What you are asked to do → Begin at the line below that has "ちょうど風が強い日で寒かった". Stop after the line that has "Die Initiative Kupfer", repeating each line exactly and leaving out the pictures.

Source records →
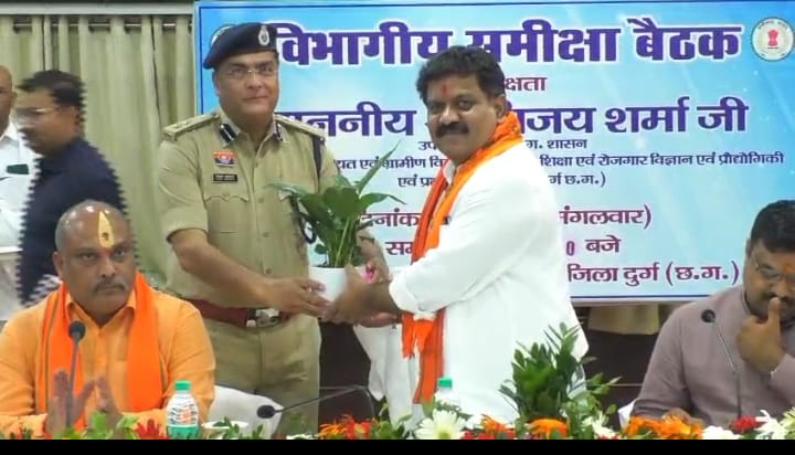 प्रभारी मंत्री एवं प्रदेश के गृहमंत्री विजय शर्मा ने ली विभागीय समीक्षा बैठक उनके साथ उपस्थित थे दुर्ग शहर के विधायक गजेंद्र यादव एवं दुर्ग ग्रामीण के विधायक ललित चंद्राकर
---
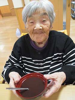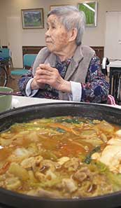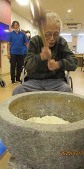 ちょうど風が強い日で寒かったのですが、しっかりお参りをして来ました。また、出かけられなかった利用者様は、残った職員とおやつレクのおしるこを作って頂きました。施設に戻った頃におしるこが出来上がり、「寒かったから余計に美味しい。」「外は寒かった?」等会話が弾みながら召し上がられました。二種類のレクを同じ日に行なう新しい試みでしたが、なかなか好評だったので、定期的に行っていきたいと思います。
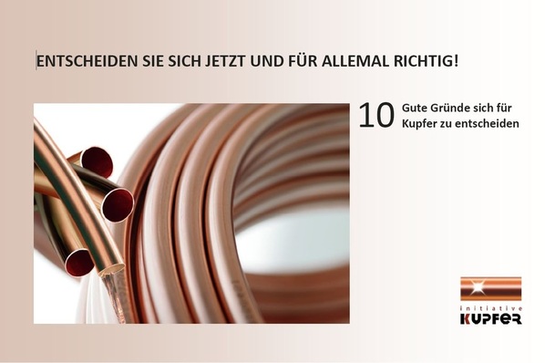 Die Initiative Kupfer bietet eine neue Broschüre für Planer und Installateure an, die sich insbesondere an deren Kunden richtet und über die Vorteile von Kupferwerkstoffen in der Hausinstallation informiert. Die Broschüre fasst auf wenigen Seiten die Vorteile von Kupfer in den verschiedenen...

Your solution →
 ちょうど風が強い日で寒かったのですが、しっかりお参りをして来ました。また、出かけられなかった利用者様は、残った職員とおやつレクのおしるこを作って頂きました。施設に戻った頃におしるこが出来上がり、「寒かったから余計に美味しい。」「外は寒かった?」等会話が弾みながら召し上がられました。二種類のレクを同じ日に行なう新しい試みでしたが、なかなか好評だったので、定期的に行っていきたいと思います。
 Die Initiative Kupfer bietet eine neue Broschüre für Planer und Installateure an, die sich insbesondere an deren Kunden richtet und über die Vorteile von Kupferwerkstoffen in der Hausinstallation informiert. Die Broschüre fasst auf wenigen Seiten die Vorteile von Kupfer in den verschiedenen...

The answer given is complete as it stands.